Note: This is not intended to be an exhaustive guide on container orchestration and assumes some familiarity with Kubernetes concepts. Our goal is to provide a solid foundation for deploying inference workloads in a production-friendly manner. So while we will be walking through the steps to configure a GPU-accelerated Kubernetes node, your environment may look slightly different.
Prerequisites
For this guide you'll need:
- A server or workstation with at least one supported AMD or Nvidia GPU board.
- A fresh install of Ubuntu 24.04 LTS in order to keep dependencies manageable.
Nvidia dependencies
Setting up an Nvidia-accelerated K3S environment is relatively straightforward, but does involve a handful of dependencies.
We'll start by installing the CUDA Drivers Fabric Manager and Headless server drivers. In our case, the latest release available in the LTS repos is 570 so we'll go with that. We'll also install Nvidia's server utils as they are helpful for debugging any driver issues that crop up.

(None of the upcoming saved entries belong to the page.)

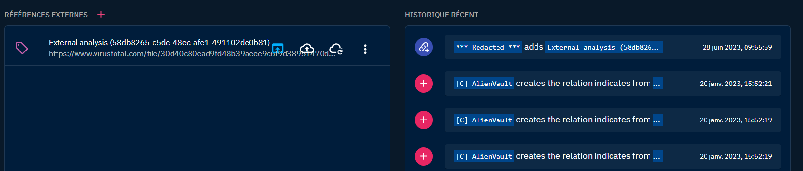 Latest created relationships: display the latest relationships that have been created from or to this Entity. For example, latest Indicators of Compromise and associated Threat Actor of a Malware.latest containers about the object: display all the Cases and Analyses that contains this Entity. For example, the latest Reports about a Malware.External references: display all the external sources associated with the Entity. You will often find here links to external reports or webpages from where Entity's information came from.History: display the latest chronological modifications of the Entity and its relationships that occurred in the platform, in order to traceback any alteration.
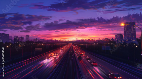 Purple Sunset Over City Highway for Urban Landscape or Travel Photography
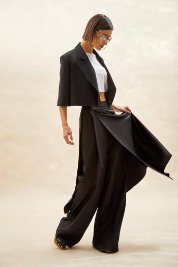 Костюм женский, состоит из туники и брюк. Туника свободного силуэта, с покроем рукава типа "летучая мышь". Застежка в среднем шве спинки на потайную тесьму-молнию. Горловина округлой формы. Низ разно-уровневый. В боковых швах выполнены разрезы. Рукав длинной 3/4, " и манжетой "на запах". Перед и спинка выполнены с декоративными рельефами и втачным кантом. Боковые части спинки и переда выполнены из отделочной ткани контрастного цвета. Брюки Прямого силуэта, с центральной застёжкой на молнию и петлю-пуговицу. В боковых швах карманы. Пояс притачной с резинкой по бокам.

sudo apt install -y cuda-drivers-fabricmanager-570 nvidia-headless-570-server nvidia-utils-570-server
Next we'll add Nvidia's container runtime repo and pull down the latest version by running the following commands and then rebooting.
curl -fsSL https://nvidia.github.io/libnvidia-container/gpgkey | sudo gpg --dearmor -o /usr/share/keyrings/nvidia-container-toolkit-keyring.gpg \ && curl -s -L https://nvidia.github.io/libnvidia-container/stable/deb/nvidia-container-toolkit.list | \ sed 's#deb https://#deb [signed-by=/usr/share/keyrings/nvidia-container-toolkit-keyring.gpg] https://#g' | \ sudo tee /etc/apt/sources.list.d/nvidia-container-toolkit.list sudo apt-get update sudo apt-get install -y nvidia-container-runtime sudo reboot
Spinning Up K3S
With most of our dependencies set, we can move on to deploying K3S. For a single node deployment, this can be achieved by running:
curl -sfL https://get.k3s.io | sh -
Once the process completes, we can check to see if our node is ready to run on the machine with:
k3s kubectl get nodes
If everything worked correctly, you should see something like this:
NAME STATUS ROLES AGE VERSION kube-nv-prod Ready control-plane,master 3h45m v1.32.3+k3s1
If you're running an AMD Instinct box you can move on to the next section, but if you're using Nvidia there are few more tweaks we need to make.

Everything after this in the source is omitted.